No documento livro-cidades-sustentaveis (páginas 126-134)

DIREITO COLETIVO DO TRABALHO E COOPERATIVISMO POPULAR

1.1 O trabalho na autonomia da vontade ou da autonomia liberal

Na denominada Modernidade podemos afirmar que o mundo possível, para o Direito, é um mundo no qual o Estado reconhece, protege e pretende transformar todos os direitos em individuais.

Segundo Carlos Frederico Marés de Souza Filho

(...) a construção do Estado contemporâneo e de seu Direito foi marcada pelo individualismo jurídico ou pela transformação de um todo titular de direito em um indivíduo. Assim foi feito com as empresas, as sociedades e com o próprio Estado; criou-se a ficção de que cada um deles era uma pessoa, chamada de jurídica ou moral, individual. Assim também foi feito com os diferentes povos, criando a ficção de que cada povo indígena seria uma individualidade com direitos protegidos. Isto transformava s direitos essencialmente coletivos dos povos em direitos individuais4.
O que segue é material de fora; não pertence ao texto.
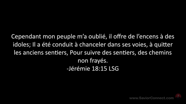 Cependant mon peuple m'a oublié, il offre de l'encens à des idoles; Il a été conduit à chanceler dans ses voies, à quitter les anciens sentiers, Pour suivre des sentiers, des chemins non frayés. -Jérémie 18:15 LSG

Na continuação do texto completa

O Direito contemporâneo, além de individualista, é dicotômico: às pessoas – indivíduos titulares de direitos – corresponde uma coisa, o bem jurídico protegido. A legitimidade desta relação se dá por meio de um contrato – acordo entre duas pessoas. É evidente que este esquema jurídico não poderia servir aos povos indígenas da América Latina, porque, mesmo que considerasse cada povo uma individualidade de direito, os bens protegidos (os bens que os povos precisam proteger) e sua legitimidade não têm nenhuma relação com a disponibilidade individual e com a origem contratual5.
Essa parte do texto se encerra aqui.